Citation : CH c Commission de l’assurance-emploi du Canada, 2024 TSS 863

Tribunal de la sécurité sociale du Canada
Division d’appel

Décision

Parties appelante : C. H.
Partie intimée : Commission de l’assurance-emploi du Canada
Représentante ou représentant  : Nikkia Janssen

Décision portée en appel : Décision rendue par la division générale
le 9 février 2024 (GE-23-3495)

Membre du Tribunal : Glenn Betteridge
Mode d’audience : Téléconférence
Date de l’audience : Le 16 juillet 2024
Personnes présentes à l’audience : Appelant
Représentante de l’intimée
Date de la décision : Le 25 juillet 2024
Numéro de dossier : AD-24-126

Sur cette page

Décision

[1] J’accueille l’appel de C. H.

[2] La division générale a commis une erreur de fait importante. Elle a réparti le mauvais montant hebdomadaire d’indemnités pour accidents du travail puis l’a déduit des prestations d’assurance-emploi que l’appelant avait reçues.
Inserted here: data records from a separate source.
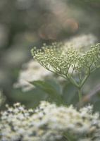 Closeup van de ontluikende bloem van de gewone vlier. Op de doffe voor- en achtergrond zie je de bloeiende bloemen.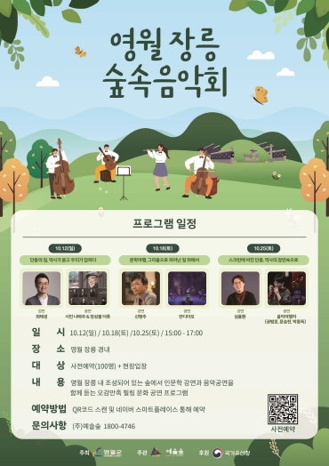 [파이낸셜경제=조성환 기자] 영월군은 오는 10월 12일, 18일, 25일 오후 3시부터 5시까지 세계유산 장릉 경내에서 ‘영월 장릉 숲속 음악회’를 개최한다.
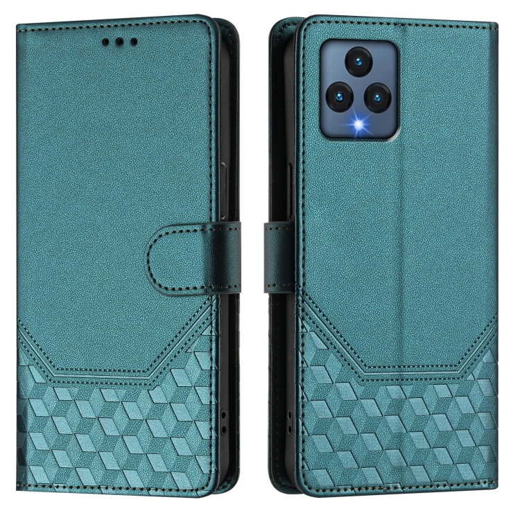 Funda de Cuero Rfid con Relieve en Panal para T-Mobile Revvl 6 5G/6X 5G (Verde Pavo Real)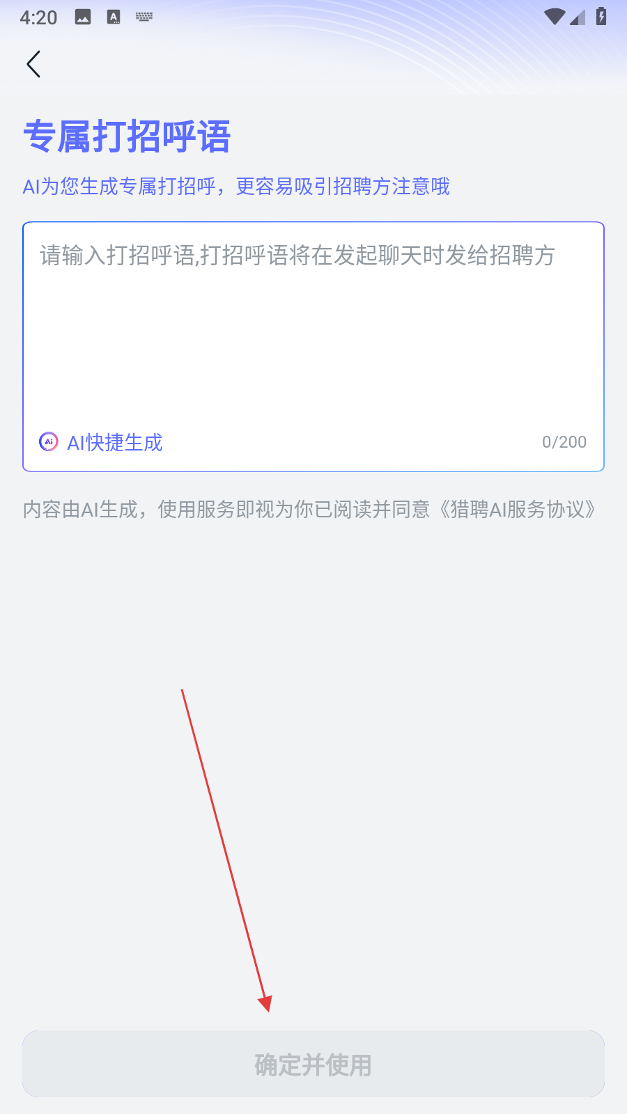 4、在专属打招呼语页面,输入要设置的打招呼语,然后点击确定并使用按钮。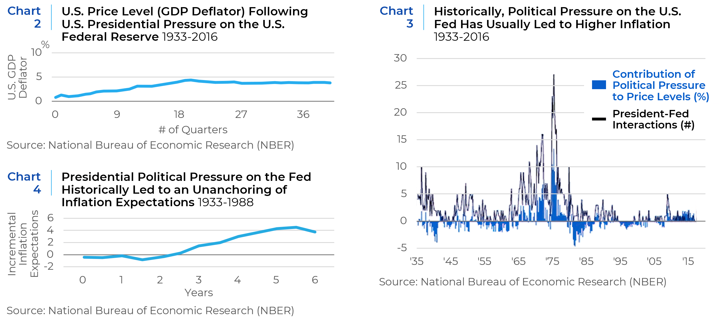 A 2024 paper from the National Bureau of Economic Research (NBER) studied the relationship of personal interactions between the sitting U.S. President and the Fed Chair or any governors from 1933 to 2016 and the correlation of those interactions with future, above trend inflation. As with the paper on political pressure across global central banks, the longitudinal study on the U.S. also demonstrates that the political pressure “response function” tends to persist for about two years. Similarly, the responses to real GDP and fiscal variables are not distinguishable from zero, but the inflationary shock is material. The study found that the price level response was more immediate but then continued to build persistently to a 5% higher price level after 4 years (see Chart 2). But it also measured the effect over time, especially following the Nixon-Burns era (see Chart 3). Most relevant for the present day, they estimate that “exerting political pressure 50% as much as Nixon did, over a period of six months, permanently increases the U.S. price level by more than 8% after several years.”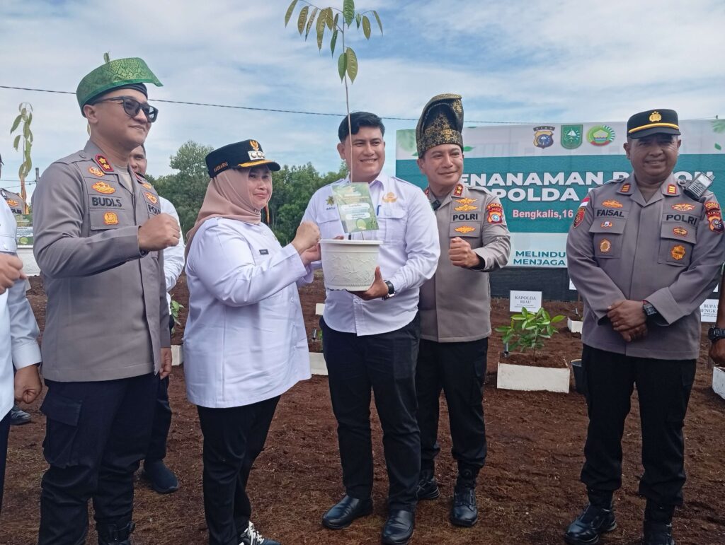 Bengkalis – Mengantisipasi potensi kebakaran hutan dan lahan (karhutla) pada musim kemarau ekstrem yang diprediksi terjadi mulai Juni 2025, Kapolda Riau Irjen Pol Dr. Herry Heryawan, S.I.K, M.H bersama Bupati Bengkalis Kasmarni melakukan penanaman pohon geronggang di Kampung Tangguh, Kabupaten Bengkalis, Rabu (16/4/2025).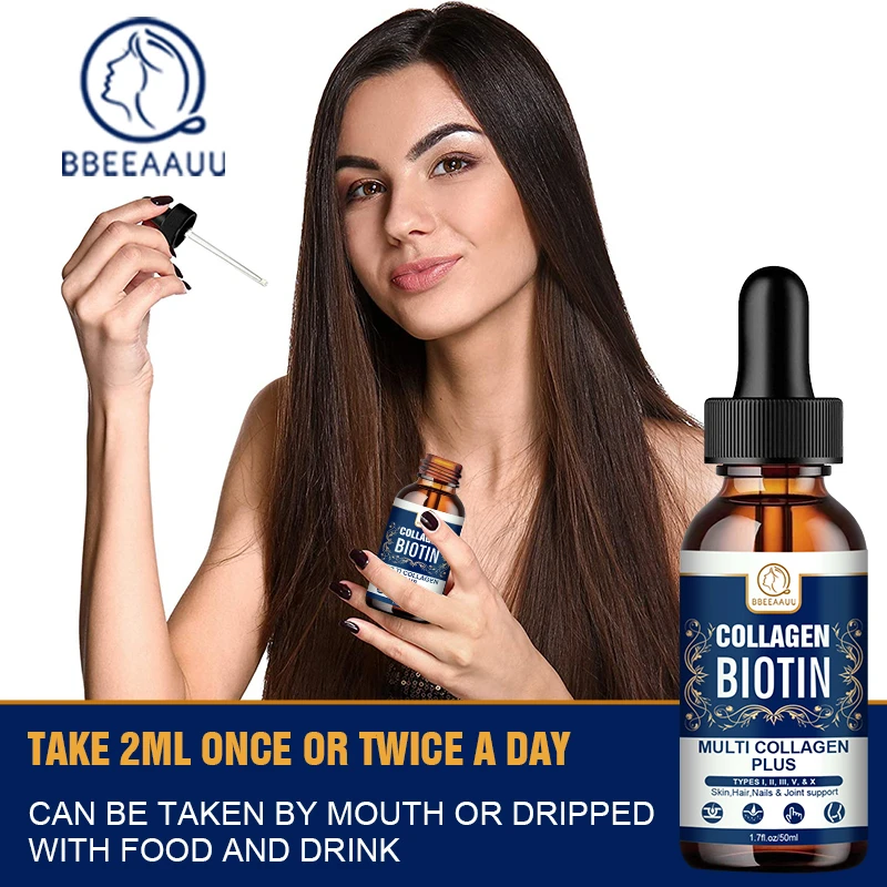 Bbeeaauu коллагеновые биотиновые капли увеличивают коллаген, укрепляет кожу, стимулирует рост волос, Уменьшает выпадение волос, восстанавливает здоровые волосы
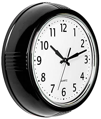 Bernhard Products Black Wall Clock Retro Silent Non Ticking 9.5 Inch Round Battery Operated Quality Quartz Easy to Read for Home Kitchen Office Classroom School Clocks Sweep Movement Vintage Décor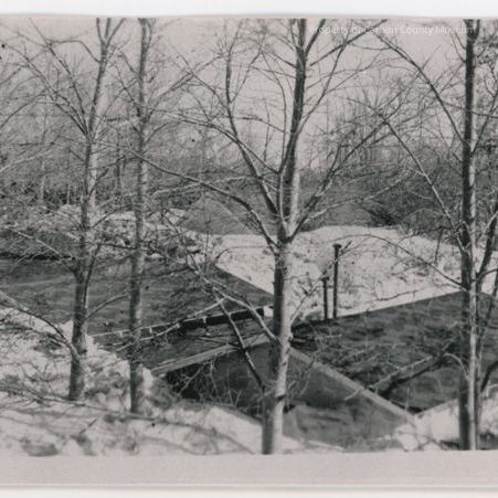 Black and white copy print. Snapshot. Image from above the rooftops of two large buildings seen through bare trees, nearly buried in snow. A bundled up person can be seen on the snow at left foreground. Bushes and trees in background.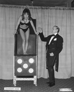 Description :VUE D'ALBERT BELL DE COTE, EN TOXEDO, PANTALONS, CEINTURON NOIR, ET EN CHEMISE BLANCHE PRESENTANT DE LA MAIN DROITE LEVEE UNE ASSISTANTE EN BIKINI NOIR QUI SEMBLE SORTIR D'UN GROS CUBE DONT 2 FACES SONT OUVERTES. LE TOUT SUR FOND DE RIDEAUX DE...
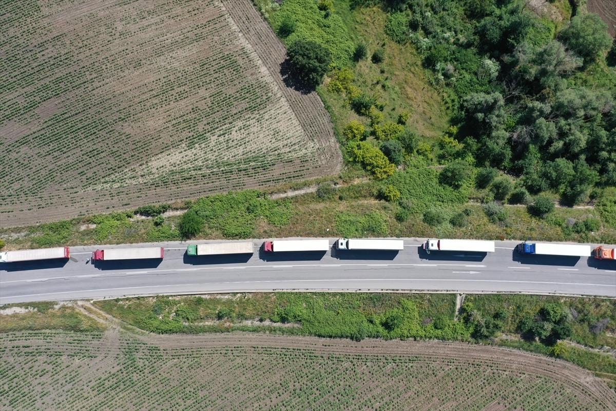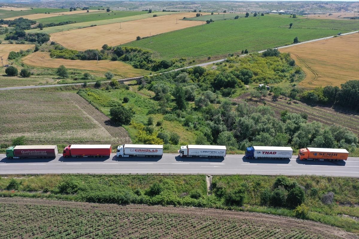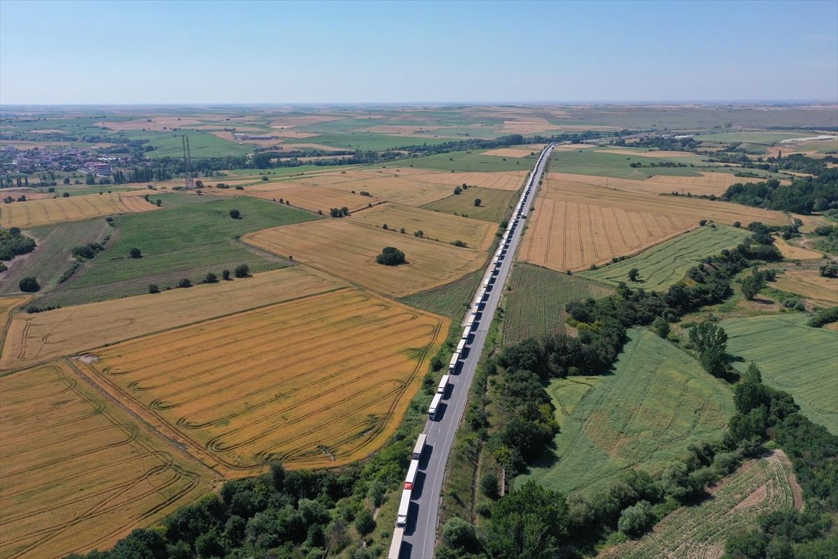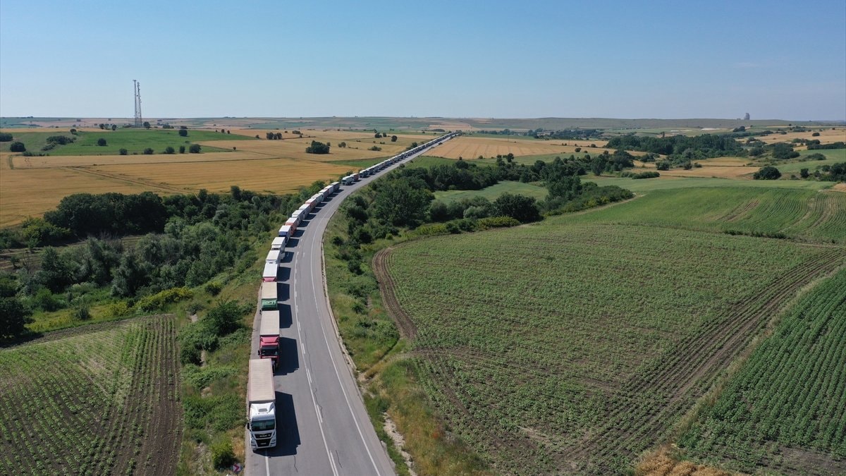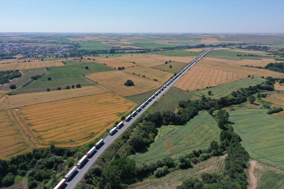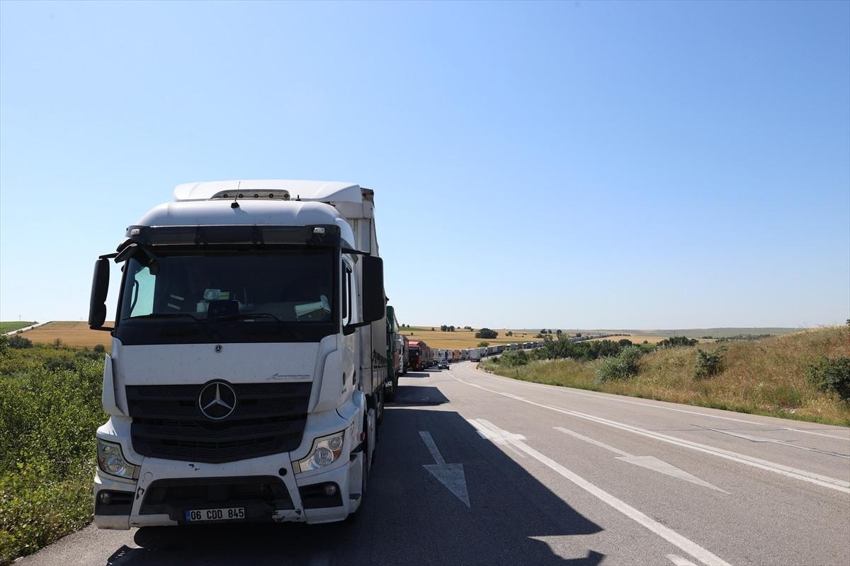 Yurt dışına çıkmak için bekleyen tırlar, 24 kilometrelik kuyruk oluşturdu.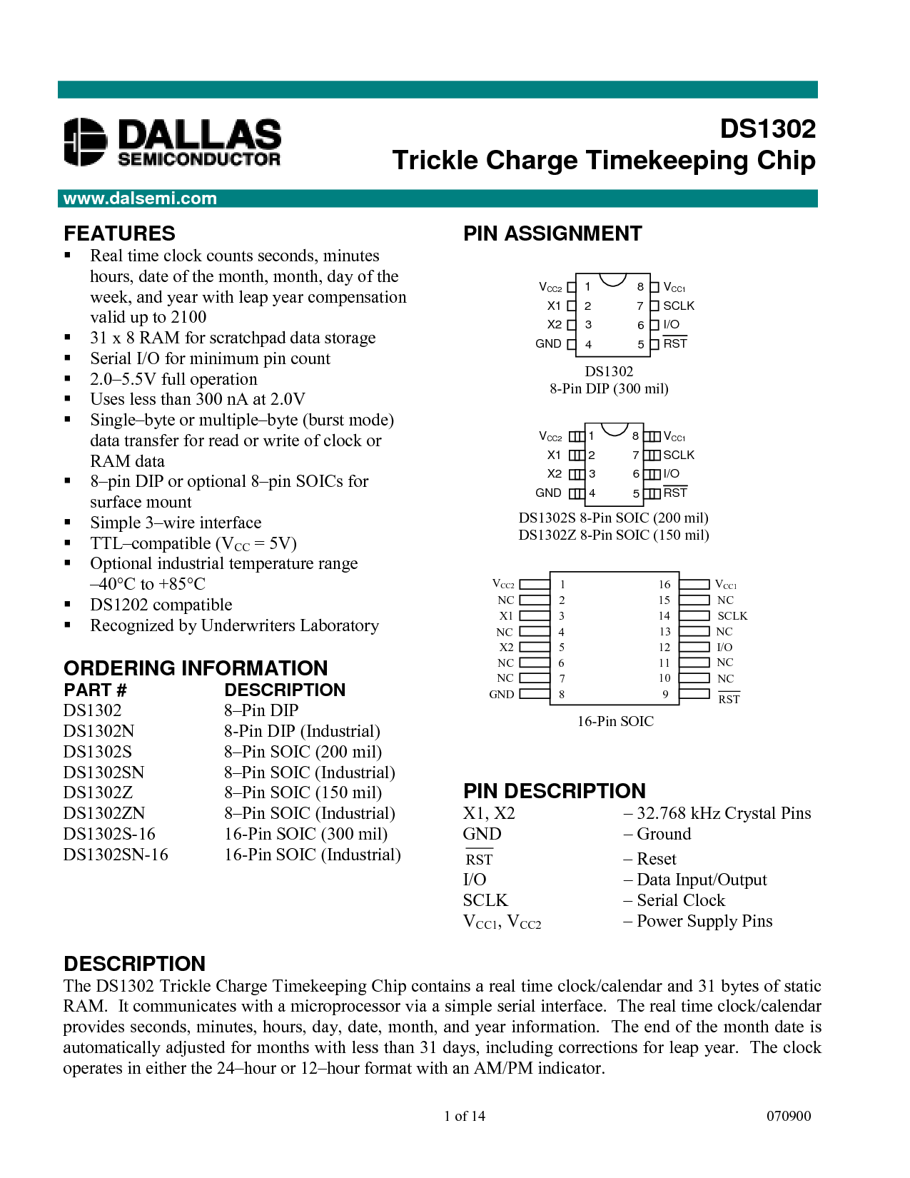 浏览型号DS1302ZN的Datasheet PDF文件第2页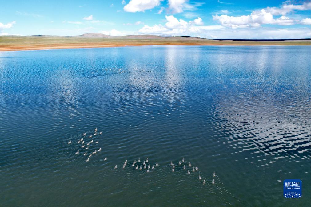 長(zhǎng)江源區(qū)的水鳥群(7月26日攝,無(wú)人機(jī)照片)。 新華社記者 劉詩(shī)平 攝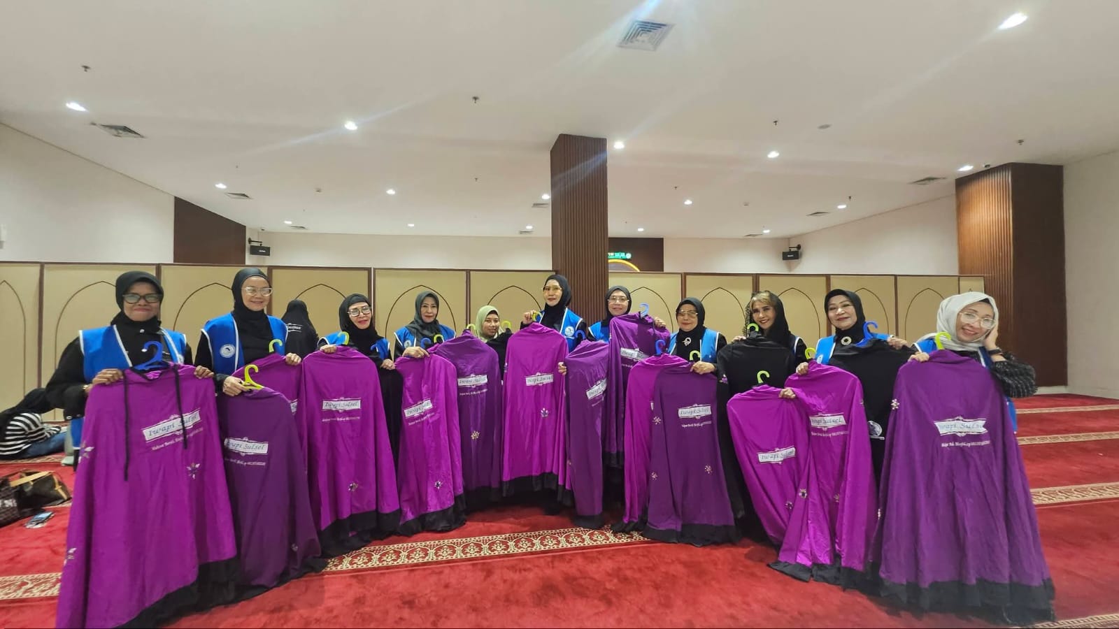 Ketua DPD IWAPI Sulsel, apt. Hj. Ainun Jariah, S.Farm., M.Kes., memimpin langsung kegiatan berbagi mukenah di Musholla TSM Makassar, Jumat (27/2/2026).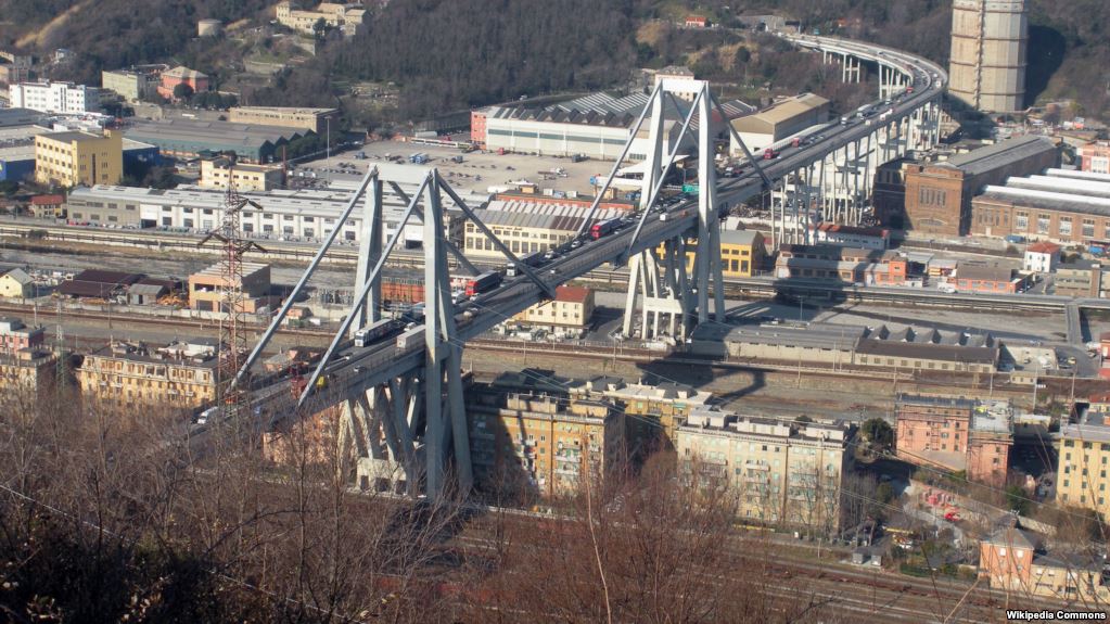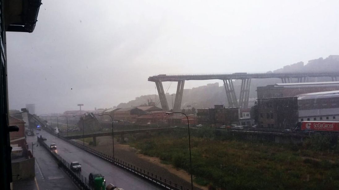 В Италии обрушился автомобильный мост, по которому проходит автомагистраль А10. Мост находится недалеко от Генуи, очевидцы события уже опубликовали множество фото и видео, подтверждающих событие.

[3] Pour corriger cette erreur, j’ai rendu la décision que la division générale aurait dû rendre. J’accepte l’entente des parties sur la répartition des indemnités pour accidents du travail du prestataire. J’accepte également leur entente concernant le trop-payé que le prestataire doit (1 989 $).

Aperçu

[4] C. H. est le prestataire dans la présente affaire. En 2001, il s’est blessé au travail. Il a demandé et reçu des prestations de maladie de l’assurance-emploi à compter du 25 juillet 2021.

[5] Par la suite, la Commission des accidents du travail de la Nouvelle-Écosse lui a accordé des prestations de remplacement de la rémunération temporaire à compter du 7 septembre 2021. Il en a parlé à la Commission puis a fait appel de la décision de la Commission des accidents du travail.

[6] En juin 2023, le prestataire a gagné sa cause contre la Commission des accidents du travail. Celle-ci lui a versé des prestations à compter du 27 juillet 2021. Il a reçu un paiement forfaitaire rétroactif, qui comprenait une augmentation du taux (paiement forfaitaire de la Commission des accidents du travail pour 2023).

[7] La Commission est revenue en arrière et a réparti le paiement forfaitaire de la Commission des accidents du travail de 2023 sur les semaines de prestations d’assurance-emploi qu’il avait reçues en 2021. Cela a engendré un trop-payé de 2 504 $. La Commission a maintenu sa décision lorsque le prestataire lui a demandé de la réviser. Il a fait appel à la division générale du Tribunal, mais celle-ci a rejeté son appel.

[8] Le prestataire soutient que la Commission n’avait pas le droit de déduire son paiement forfaitaire de 2023 de la Commission des accidents du travail de ses prestations d’assurance-emploi de 2021. La Commission n’est pas d’accord. Cependant, elle affirme que la division générale s’est trompée au sujet du montant des indemnités pour accidents du travail qu’il recevait chaque semaine. Le prestataire est d’accord.

Questions en litige

[9] Il y a trois questions en litige dans le présent appel :

  • La division générale a-t-elle commis une erreur de droit lorsqu’elle a décidé que le paiement forfaitaire de la Commission des accidents du travail pour 2023 était une rémunération qui devait être répartie et déduite des prestations d’assurance-emploi de 2021 que le prestataire a reçues?
  • La division générale a-t-elle commis une erreur de fait importante lorsqu’elle a confirmé la répartition et la déduction par la Commission du paiement forfaitaire de la Commission des accidents du travail pour 2023?
  • Si la division générale a commis une erreur, comment dois-je la corriger?

Analyse

Rôle de la division d’appel

[10] La loi donne à la division d’appel le pouvoir de corriger une décision de la division générale lorsqu’une partie prestataire démontre que la division générale a commis l’une des erreurs suivantes :

  • Elle a fondé sa décision sur une erreur de droit.
  • Elle a fondé sa décision sur une erreur de fait importanteNote de bas de page 1.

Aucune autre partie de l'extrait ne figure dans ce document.